Но кроме обширных знаний и житейской мудрости, отец Анатолий обладал еще проницательностью и способностью воздействовать на людей силой своего пастырского слова. Он был наделен безусловным талантом проповедника, но не будь священником, из него наверняка получился бы прекрасный педагог, тонкий психолог или блистательный адвокат. И вот это знали многие, в том числе и руководители района. Они знали, что на воскресные проповеди отца Анатолия в его маленькую церковь съезжаются люди со всех ближайших районов и даже из Москвы.
Но Горбачеву об этом, видимо, никто не рассказал. И тот столкнулся с человеком, который обладал не только большими, чем он, знаниями, но и более сильным характером.
Это было время перестройки, ускорения, гласности, крушения советских идеалов, развала и разрушения всего и вся. И Генеральный секретарь ЦК КПСС, Президент СССР М. С. Горбачев решил посетить церковь, тем более что это было ему по пути. Но когда он в сопровождении эскорта из областных чиновников и кремлевских журналистов подъехал к храму, тот оказался закрыт. Охрана президента бросилась искать священника, и нашли его рядом — на церковном кладбище, где батюшка с лопатой в руках поправлял могилки. Потом из машины вышел и сам Горбачев.
— Я — президент страны, — представился Михаил Сергеевич.
— Я вас узнал, — ответил батюшка.
Уж и не знаю, что за разговор состоялся между ними (все, кого я потом расспрашивал об этом, передавали его по-разному), но двери храма так и не были открыты перед влиятельным посетителем и его свитой. Об этом случае будто бы даже писала пресса, и все полагали, что ничем хорошим такое упрямство для священника не закончится. Но все обошлось.
В этой церкви, расположенной вблизи еще двух подмосковных районов — Воскресенского и Коломенского, я оказался, можно сказать, случайно (хотя, как показывает жизнь, ничего случайного в ней не происходит). Один мой подзащитный так много рассказывал мне об этом удивительном батюшке, что я (человек невоцерковленный) заинтересовался и поехал посмотреть на него своими глазами.
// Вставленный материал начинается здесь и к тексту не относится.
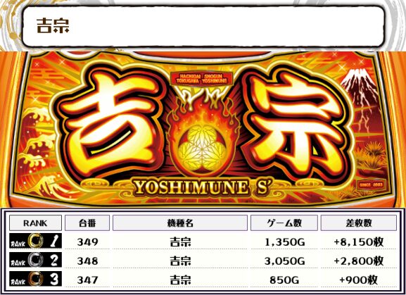 この日、全体の差枚トップに輝いたのは【吉宗・349番台】の+8,150枚‼️👑👑👑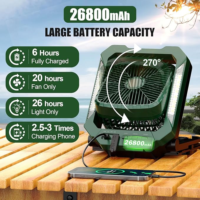 - 【26800mAh Large Battery Power】 Camping fan battery powered comes with a built-in 26800mAh high-capacity rechargeable battery supporting charging via a Type-C input port. A portable rechargeable fan with light can also be used as a backup power source for your electronic appliances under urgent circumstances, especially during a power outage due to uncontrollable weather. Solar camping fan battery operated can offer 20 hrs cooling fan or 24+ hrs light after 6 hrs once full charge.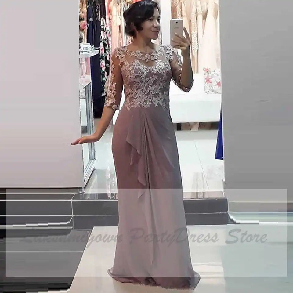 Vestido De Novia De La Madre De La Novia Para La Cena De Noche 2020 De Talla Grande De Gasa Vestido Largo De Fiesta De Noche Batas Con Mangas Vestidos Para La Madre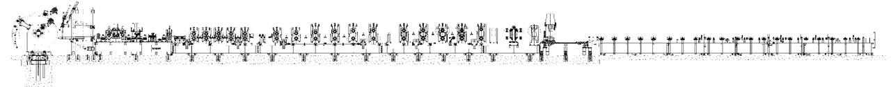 TF鋼管束冷彎生產(chǎn)線,具備中板開(kāi)卷、校平、剪切對(duì)焊,輥壓成型,剪斷、碼垛等自動(dòng)化流水生產(chǎn)功能。主機(jī)可生產(chǎn)腰高240mm,底寬130mm,厚度3-6mm多規(guī)格鋼管束制件;只需3分鐘,就可調(diào)整生產(chǎn)型鋼的高度、寬度規(guī)格;大型伺服跟蹤飛剪,在內(nèi)首次實(shí)現(xiàn)了不降低速無(wú)廢料切斷。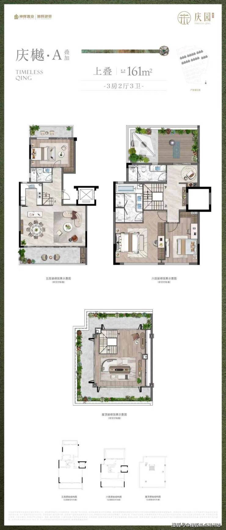 叠加(上叠)建面约161㎡,3房2厅3卫: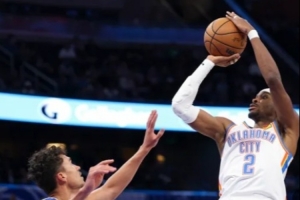今天雷霆對魔術(shù)最后一節(jié)99比96膠著時,亞歷山大一個單挑撤步三分,擊倒班凱羅。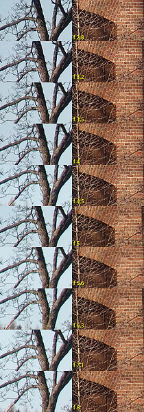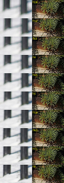 Následuje ukázka vlivu clony na bokeh (rozostření mimo hloubku ostrosti) a kresby ve středu a v rohu snímku při všech možných clonách. Pro bokeh jsem použil fotografii s ohniskem 200mm, vzdálenost cca 15m, rozostřená oblast cca 30m. V ukázce je levý horní roh a střed snímku. Druhou ukázkou je vliv clony na kvalitu kresby v rohu snímku (levý roh) a střed snímku při nejširším ohnisku 28mm. Třetí ukázkou je to samé ale při nejdelším ohnisku 300mm.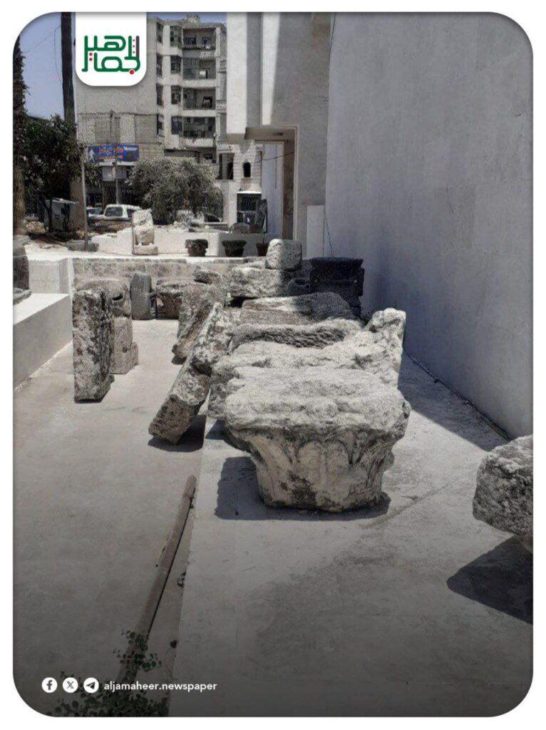 بلغت نسبة تنفيذ الأعمال في مشروع الصيانة الخارجية لجدران متحف إدلب 85%.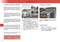 CONDUITE LE RÉGULATEUR DE VITESSE Commandes au volant Affichage au combiné Les commandes de ce système sont regroupées sur le volant. 1. Touche «ON/OFF» : activation / désactivation du mode régulateur. 2. Touche «COAST SET» : mémorisation d’une vitesse de conduite et réduction de la vitesse de croisière. 3. Touche «ACC RES» : augmentation de la vitesse de croisière, et rappel de la vitesse mémorisée. 4. Touche «CANCEL» : arrêt de la régulation. Lorsque vous appuyez sur la touche 1, le témoin «CRUISE» s’allume au combiné. Système permettant de maintenir automatiquement la vitesse du véhicule à la valeur programmée par le conducteur, sans action sur la pédale d’accélérateur. La mise en marche du régulateur est manuelle : celle-ci nécessite une vitesse minimale du véhicule de 40 km/h et l’engagement du deuxième rapport en boîte manuelle. La mise à l’arrêt du régulateur est obtenue par action manuelle ou par action sur les pédales de frein ou d’embrayage ou en cas de déclenchement du système ASC. VII En appuyant sur la pédale d’accélérateur, il est possible de dépasser momentanément la vitesse programmée. Pour revenir à la vitesse programmée, il suffit alors de relâcher la pédale d’accélérateur. La coupure du contact annule toute valeur de vitesse programmée. Le régulateur ne peut, en aucun cas, remplacer le respect des limitations de vitesse, ni la vigilance, ni la responsabilité du conducteur. 114 Programmation Appuyez sur la touche 1. Réglez la vitesse programmée en accélérant jusqu’à la vitesse désirée, puis appuyez sur la touche 2 «COAST SET». CONDUITE Augmentation de la vitesse programmée Accélérations/Décélérations ponctuelles En utilisant la touche 3 «ACC RES» : - des appuis successifs permettent d’augmenter la vitesse par pas d’environ 1,6 km/h. - un appui maintenu sur cette touche permet d’augmenter la vitesse progressivement. Une fois la vitesse souhaitée atteinte, relâchez la touche, la nouvelle vitesse est mémorisée. En utilisant la pédale d’accélérateur : - accélérez pour atteindre la vitesse souhaitée, puis appuyez sur la touche 2 «COAST SET». Relâchez la pour mémoriser la nouvelle vitesse. Accélération ponctuelle Enfoncez normalement la pédale d’accélérateur. En relâchant la pédale, vous revenez à la vitesse mémorisée. Diminution de la vitesse programmée En utilisant la touche 2 «COAST SET» : - des appuis successifs permettent de diminuer la vitesse par pas d’environ 1,6 km/h. - un appui maintenu sur cette touche permet de diminuer la vitesse progressivement. Une fois la vitesse souhaitée atteinte, relâchez la touche, la nouvelle vitesse est mémorisée. En utilisant la pédale de frein : - freinez pour désactiver la régulation, puis appuyez sur la touche 2 «COAST SET». Relâchez la pour mémoriser la nouvelle vitesse. Réactivation de la fonction Lorsque le régulateur de vitesse a été désactivé, vous pouvez revenir à la vitesse mémorisée en appuyant sur la touche 3 «ACC RES» dès que vous atteignez une vitesse minimum de 40 km/h. Décélération ponctuelle Enfoncez la pédale de frein pour réduire la vitesse. Pour revenir à la vitesse mémorisée, appuyez sur la touche 3 «ACC RES». Désactivation de la fonction Pour désactiver le régulateur de vitesse : Appuyez sur la pédale de frein ou d’embrayage, ou Appuyez sur la touche 1 «ON OFF», ou Appuyez sur la touche 4 «CANCEL». Le régulateur de vitesse peut être désactivé automatiquement : Lorsque le véhicule atteint une vitesse inférieure à 35 km/h. Lorsque le système de contrôle actif de stabilité (ASC) agit. Lorsque la régulation est en marche, soyez vigilant si vous maintenez appuyée l’une des touches de modification de la vitesse programmée : cela peut entraîner un changement très rapide de la vitesse de votre véhicule. Ne pas utiliser le régulateur de vitesse sur route glissante ou en circulation dense. En cas de forte descente, le régulateur de vitesse ne pourra pas empêcher le véhicule de dépasser la vitesse programmée. Pour éviter toute gêne sous les pédales : - veillez au bon positionnement du surtapis, - ne superposez jamais plusieurs surtapis. VII 115 ">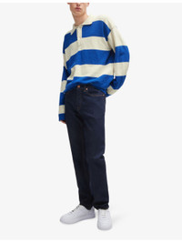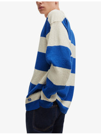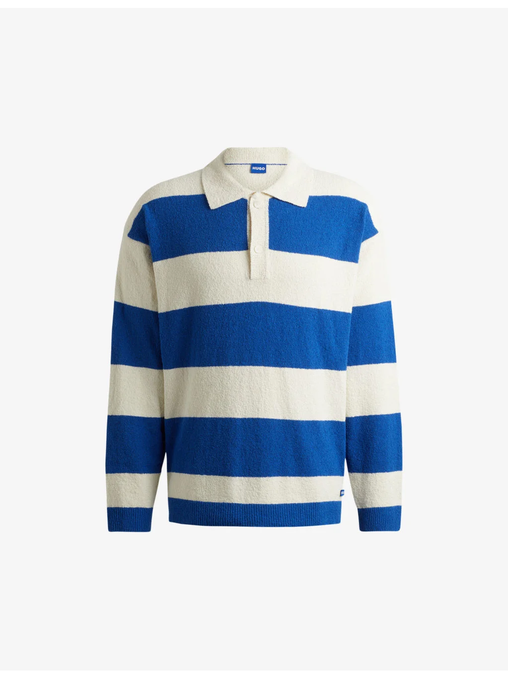 PRODUCT DETAILS - HUGO stretch-knit polo - 66% recycled cotton , 21% polyester, 12% polyamide, 1% elastane - Exposed button fastening at neck - Relaxed fit, polo collar with buttons, long sleeves, all-over stripes - Hand wash - Model is 6ft 2in/1.88m and wears a size medium - Midweight, non-stretch Ref: R04252872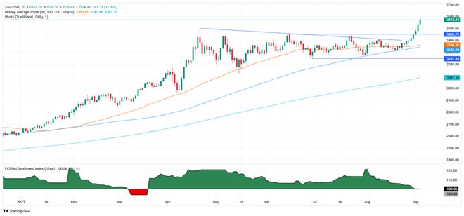 24K99讯 现货黄金周三(9月3日)大幅攀升,延续近日的破纪录涨势并再度刷新高位,主要原因是最新就业数据强化美联储本月降息的可能性,而持续存在的全球不确定性,也持续带动避险需求。 现货黄金周三收盘大涨25.68美元,报3559.03美元/盎司;美国职位空缺数据出炉后,金价一度触及3578.59美元/盎司,创下纪录新高。 美国职位空缺数据远不及预期 美国周三公布,7月职位空缺降幅比市场预期大,且企业招募依然低迷,这与近期劳动力市场放缓的趋势相吻合。 美国劳工部劳工统计局周三发布的职位空缺与劳动力流动调查报告(JOLTS报告)显示,截至7月最后一天,作为衡量劳动力需求指标的职位空缺数量减少17.6万个,降至718.1万个。 路透社此前调查的经济学家曾预测,美国7月职位空缺数量为737.8万个。 JOLTS职位空缺报告是是美联储高度关注的劳动力市场数据。 City Index和FOREX.com市场分析师Fawad Razaqzada表示,在职位空缺数据公布前,金价就已经处于历史高点,由于疲软的数据进一步刺激金价,下一个目标将是3600美元/盎司。 根据芝商所(CME)的“美联储观察工具”,市场认为美联储在9月17日会议上降息25个基点的机率,从数据公布前的接近92%上升到98%。 黄金通常在不确定性时期和低利率环境中表现良好。 美联储新主席的候选人之一、现任理事沃勒周三表示,美联储应该从本月开始下调利率并在未来几个月多次降息,但他对调整的确切步伐持开放态度。 沃勒指出,美联储在9次会议后的降息速度,将取决于经济的下一步发展。 与此同时,美联储理事库克更详细阐述她反对特朗普总统解雇她的理由。特朗普曾多次批评美联储主席鲍威尔今年迟迟不降息。 Heraeus Metals交易员表示:“人们对美联储独立性的担忧日益加剧,进一步削弱了他们对美元计价资产的信任,并转向黄金。” 美国7月份职位空缺数降至10个月低点,提振对美联储本月降息的预期,美元周三下跌。追踪美元兑六种主要货币的美元指数(DXY)下跌0.24%,至98.16。 (截图来源:彭博社) Klarity FX主管Amo Sahota表示:“职位空缺数据显示职位进一步缩减,让美联储在劳动市场面向上有更多确信。我们没有看到汇市大幅波动,但值得注意的是,隔夜指数交换市场现在已经将9月美联储降息的机率定价到95%。” 等待更多美国就业数据 投资者注意力转向周四将公布的美国初请失业金人数和ADP就业数据,以及周五更受各界关注的非农就业报告。非农报告将让美联储政策制定者了解劳动力市场的最新情况。 市场预计8月非农就业人数增加7.5万人,7月为增加7.3万人。市场还预测,8月失业率将从7月的4.2%升至4.3%。 Moneycorp北美结构业务主管Eugene Epstein指出,随着美联储聚焦于就业市场,如果数据持续显示劳动市场恶化,美元将继续大幅走弱。 Epstein补充道:“综合美联储主席鲍威尔在杰克逊霍尔就业市场上的鸽派立场、之前疲弱的非农数据,以及周三的 JOLTS数据疲弱,再加上若周五的就业报告也疲弱,那就形成一个强烈的鸽派氛围。尤其在当前美国政府与美联储之间的政治环境下,几乎看不到其他选项。” Zaner Metals副总裁兼高级金属策略师Peter Grant说:“金价仍有上涨空间,短期至中期目标位约为3600美元/盎司至3800美元/盎司,而突破形态暗示,到明年第一季度尾声,金价可能达到4000美元/盎司。” 如何交易黄金? FXStreet分析师Christian Borjon Valencia指出,因疲弱的美国职位空缺数据提振美联储降息押注,黄金价格周三延续涨势,突破3550美元/盎司。 Valencia预计,金价近期有望挑战3600美元/盎司。然而,相对强弱指数(RSI)转向超买,收于80的极端读数,表明黄金可能在短期内盘整。 上行方面,Valencia表示,交易者目前目标是挑战3578美元/盎司的历史高点。如果突破该位,下一个目标将是3600美元/盎司。如果交易员推动金价突破3600美元/盎司,金价的上升趋势可能会继续。 (现货黄金日线图 来源:FXStreet) 另一方面,Valencia补充道,相反,若金价跌破3550美元/盎司,卖家将瞄准3500美元/盎司,接下来是8月29日高点3454美元/盎司,然后下滑至3400美元/盎司。 |

Слова его проповеди и в самом деле цепляли за живое. Я оглянулся кругом и увидел сотни сосредоточенно слушающих его людей самого разного возраста и неожиданно понял, нет, ощутил, что это и есть тот самый русский народ, о котором мы часто говорим, но еще чаще которого попросту не замечаем или того хуже — над которым смеемся. И мне неодолимо захотелось быть его частью. Потому что до этого момента, признаюсь, я никогда не воспринимал себя частью чего-либо. Да о таких вещах люди обычно и не думают. Но именно там, в деревянной церкви, согретой холодным осенним утром дыханием людей, среди икон, горящих свечей и лампад, я вдруг понял, что такое единство точно существует.
А тот, кто мне рассказал о Святониколинской церкви и ее настоятеле, сидел в Матросской Тишине и ждал окончания следствия по своему делу. Им был поэт Андрей Жданов.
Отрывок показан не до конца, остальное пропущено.